I've seen this movie about 4 or 5 times, and I like it every time I see it. I wish there were more movies like it. It's probably at its best the first time you see it, since you don't really know where all the twists and turns are going to lead. But even after the plot is revealed to you, heck, go see it again. It's still an enjoyable, stylish romp through the seamier side of Paris it vicariously allows you to take a vacation trip to Paris that you hope and pray you never WILL have to take.
Although I'm always charmed and impressed by Harrison Ford's strong performance in this film, I sometimes wonder, is it perhaps not entirely believable? I mean, after all, how would most guys *really* react if their wife disappeared on them, shortly after arriving in Paris? Well, this being Paris... whoopee! They'd probably go out on the town for about three nights of wild debauchery. Then, in a state of drunken stupor, but slowly coming to their senses, they'd find the nearest police station, and would announce to the gendarme (with a stupid grin and a champagne/cognac scented belch): "Like, dude, I lost my wife!"
Oh but wait a minute... I've got this all wrong. As Harrison Ford's character, Dr. Walker, says in the movie, in responding to just this sort of mentality: "I'm talking about my wife here. YOU are obviously thinking about your OWN wife."
I love that line, and it's a line that, I think more than anything, sets the character of this film. It's what makes this a very passionate story about a man who's lost his wife in a big, foreign city, and who finds himself extremely agitated about how everybody he meets is so indifferent to his plight. (And it's not just the French. The American Embassy staffers here aren't exactly shining beacons of official solicitude either.)
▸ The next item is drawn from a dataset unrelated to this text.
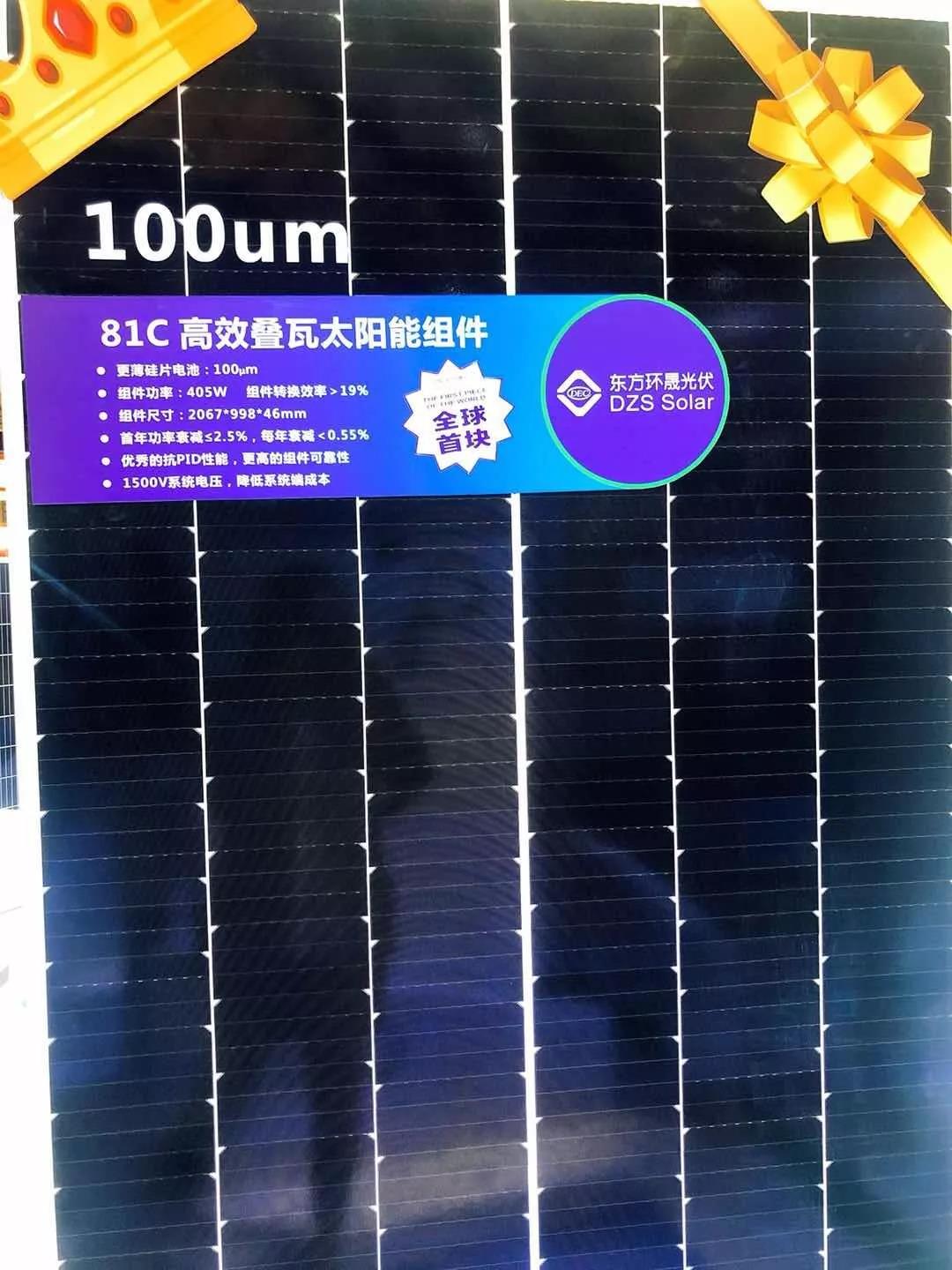2018国际太阳能产业及光伏工程展览会暨论坛(SNEC光伏展)于5月28-30日在上海新国际博览中心盛大开幕。全球首块100um厚度硅片405W高效叠瓦组件首次展出。

The only thing in the movie that "majorly" doesn't work for me is the rooftop scene. Dr. Walker proceeds for about 2 or 3 minutes to create a hellacious clatter on the roof (nearly snapping off one of those big old TV aerials in the process), while down below, the two "goons" who are grilling Michelle don't even seem to notice or hear a thing. And yet a few minutes later, with Dr. Walker successfully having slipped into the apartment well, just the slightest little noise from him in the other room, and it's enough to bring the goons running to investigate. Anyway, nice use of a teddy bear. Most original!
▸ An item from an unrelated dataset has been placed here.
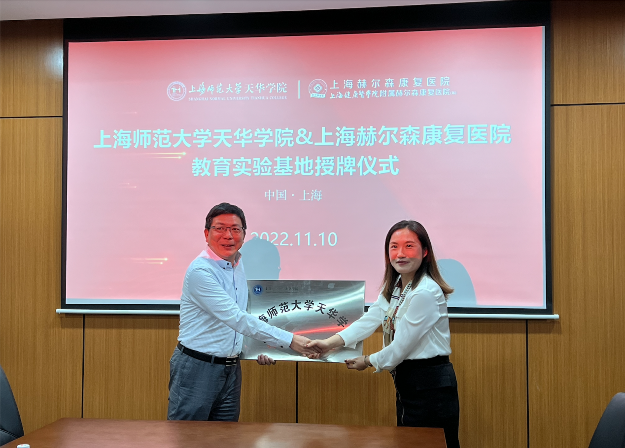 为进一步加强和创新医教研协同发展的医疗人才培养模式,强化高校和医院教育实践合作关系,2022年11月10日下午13时,365英国上市网副院长刘敏、实习实训主任刘吉辉、康复治疗学专业教师邓爽和孟赛一同前往上海赫尔森康复医院参加了教学实践基地授牌仪式。出席此次仪式的还有上海赫尔森康复医院院长沈祥开、副院长王良意及相关职能科室负责人。

Only one thing that "kinda" doesn't work for me is the English diction and syntax of Michelle. Her English is too good, in the sense that it doesn't match her thick French accent. She should have had more "clumsy" lines written for her, i.e. more of a Pidgin English. But anyway, I sure like Michelle. Nice looking girl. Long legs, nice shoes. And no hairy armpits. You can teach me French ANY day, honey.
Finally, I like the song "Strange" by Grace Jones. (Plus, just watching Harrison Ford's character clumsily trying to dance to this music with the too-cool-for-words Michelle is worth the rental price - it's a memorable scene!) Even after multiple viewings the song still gives me goose bumps. The music has a certain haunting emotive force to it. It invokes a wonderful European ambience; more to the point, I think it ideally captures a Parisian feel that only certain music can express. It very much reminds me of the song "Puro Teatro" by La Lupe, which plays at the tail end of "Women on the Verge of a Nervous Breakdown" while the credits are rolling. Wonderful stuff! Man I love it in movies when they play the right music at the right time. And I'm sure most of you would agree that in many films this isn't always the case.